2. How does the rotary positional encoding (RoPE) allow the attention mechanism to capture relative position information?
- RoPE transforms the query and key vectors by rotating them based on their position in the sequence. This allows the attention weights to depend on the relative offset between tokens rather than just their absolute positions.
- RoPE uses a range of frequencies, from high frequencies that can distinguish individual tokens to low frequencies that can ignore position entirely, giving the model flexibility in how it uses positional information.
[05] Multi-Layer Perceptron (MLP)
1. Explain the purpose and intuition behind the Gaussian Error Linear Unit (GeGLU) used in Gemma's MLP.
- The GeGLU MLP can be thought of as a piecewise-quadratic function with smooth boundaries between the pieces, allowing it to learn more complex transformations of the input representation than a simple linear projection.

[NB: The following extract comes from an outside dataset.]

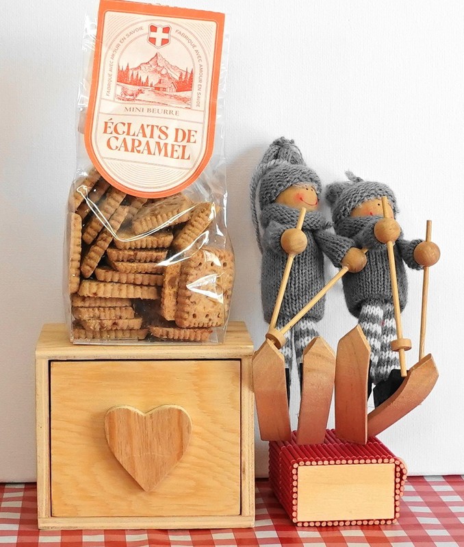Composition : farine blé, beurre, sucre, éclats caramel 13%, jaune et blanc oeuf, lait en poudre entier

- The GELU nonlinearity provides a smoother transition between active and inactive regions of the function compared to a ReLU, which may be beneficial for optimization and the overall function learned by the MLP.
2. How does the MLP component complement the attention mechanism in Gemma?
- While attention is responsible for fusing information across the context, the MLP can independently transform each token representation, making attention more efficient at its core task of modeling relationships between tokens.
[06] Final Norm and Output Projection
1. Why is the final RMSNorm layer important before the output projection?
- The final RMSNorm helps prevent the hidden representation from becoming too large in scale, which could lead to over-confident and spiky output predictions.
2. How does the output projection layer share parameters with the initial embedding lookup?
- Sharing the same embedding parameters between the input and output projections is an efficient design choice, as it reduces the total number of parameters in the model.